According to findings from a Robert Walters poll, white-collar workers in the US are facing a ‘Disengagement Crisis’ with almost half of white-collar workers claiming that their workplace has become unrecognisable in the past 12 months. The poll also found the main drivers of employee disengagement to be:

  • A high staff turnover – 52%
  • Less people coming into the office – 50%
  • A subsequent decline in team social gatherings – 47%

Alongside the above, a gloomy economic outlook of 35% is causing employees to disconnect from the workplace, investing less of their personal selves, and opting to simply ‘get their head down’ and ‘the work done.’
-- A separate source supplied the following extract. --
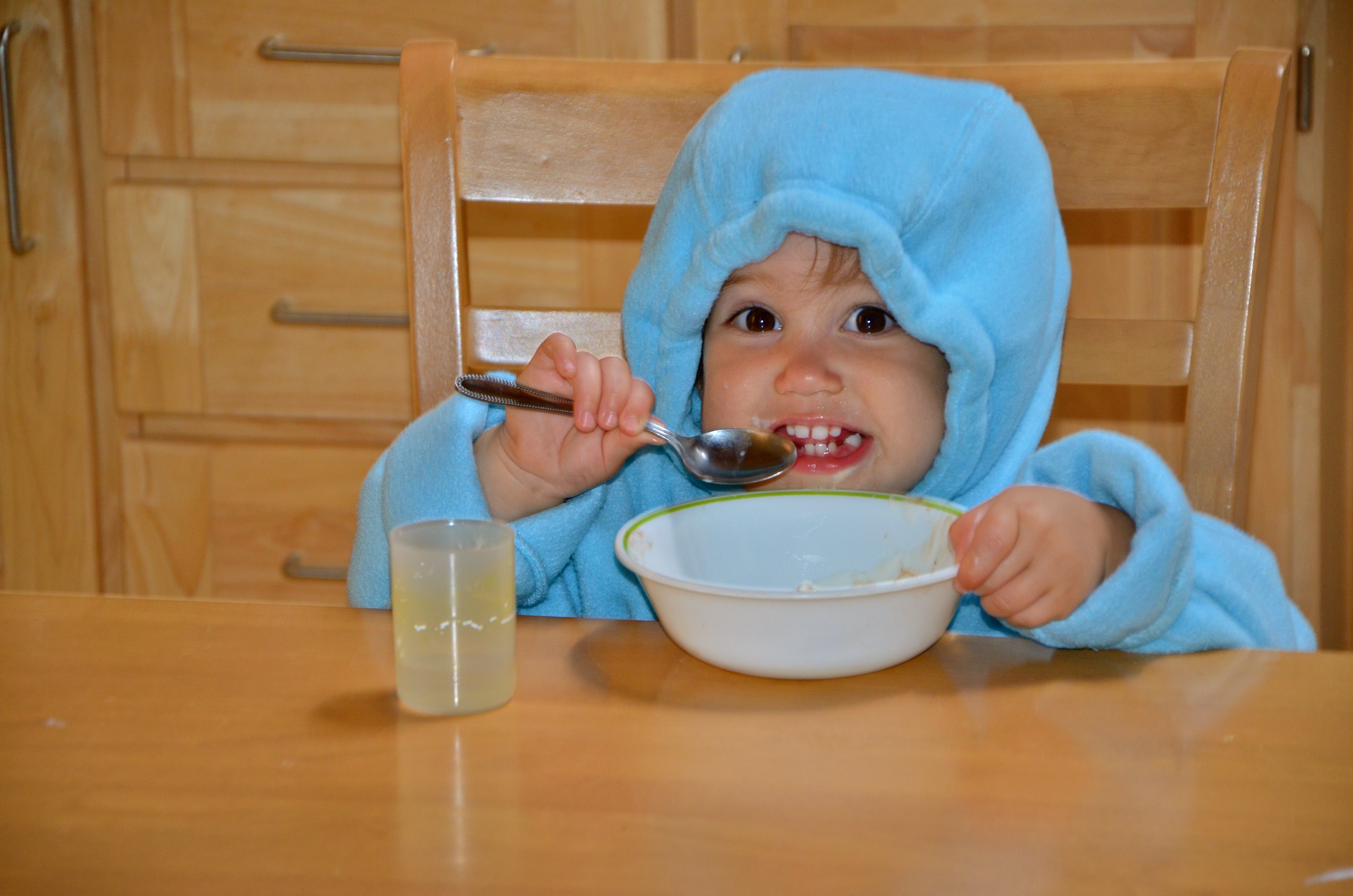 It was such a beautiful night out that I let the kids play an hour past bedtime. But when I called them inside for bedtime this is how Evyn rolled in..

Peter Milne, Managing Director of Robert Walters North America, shares his thoughts in worklife around the findings, “I was somewhat surprised to see the findings from our research – especially given the investment made by employers into workplace culture over the past 3-5 years, as well as the more recent focus on luring workers back into the office.

“What is apparent here is the traditional tactics used to build a lively, inclusive, and social workplace culture are simply not cutting it. The hybrid-working world and subsequent decline in office attendance is having a detrimental impact on employee engagement and companies must act fast to keep employees engaged and attract the best professionals.”

High Price to Pay

Gallup found that disengaged employees around the world are costing the global community $7.8 trillion due to lost productivity, absenteeism, and workflow disruption. However, while many employers are taking a step in the right direction through developing ‘return-to-office’ policies and plans, 66% are doing so with no input from their employees. This is the tip of what Future Forum’s recent report termed the ‘executive-employee disconnect’.

75% of executives told Future Forum they want to work from the office 3-5 days a week, whereas only a third (34%) of less senior employees wanted the same. Such severe difference of opinion about working must be acknowledged by executives. If they focus on developing ‘post-pandemic’ policies with very limited employee input, they risk losing further scores of their workforce to disconnection.

The ‘executive-employee disconnect’ further feeds into issues around employee wellbeing: fewer than 1 in 4 US professionals in 2022 feel their employers care about their wellbeing according to Gallup's recent findings. Employers who show a lack of understanding and awareness when it comes to the wellbeing of their employees are going to find those employees far more likely to disconnect both their workload and workplace. 

Counter-offers Rife

As the US jobs market remains largely robust employers are still nervous about losing employees and offering disengaged employees pay hikes to retain them.

Annual wage increases of +4.8% in the US this year have surpassed earlier predictions. A survey by Pearl Meyer found a quarter of employers offering wage increases over +6% in attempts to retain staff. Despite such wage increases employers cannot keep up with the soaring rate of inflation.

Peter adds, “Despite many employers raising wages to increase engagement and retention, this really is a short-term remedy especially as inflation and the cost-of-living continue to climb."

“Much greater focus needs to be given to the wider topic of employee engagement - which should no longer be considered as a ‘buzz word’ or an intangible, immeasurable HR concept that is a ‘nice to have’.

“Developing an engaged workforce where engagement is workplace ritual rather than a tick-box for employers is of paramount importance. Employee engagement is a key driver of motivation, commitment, and productivity in the workplace – in a business sense employers need to appreciate that it really does impact the bottom line.”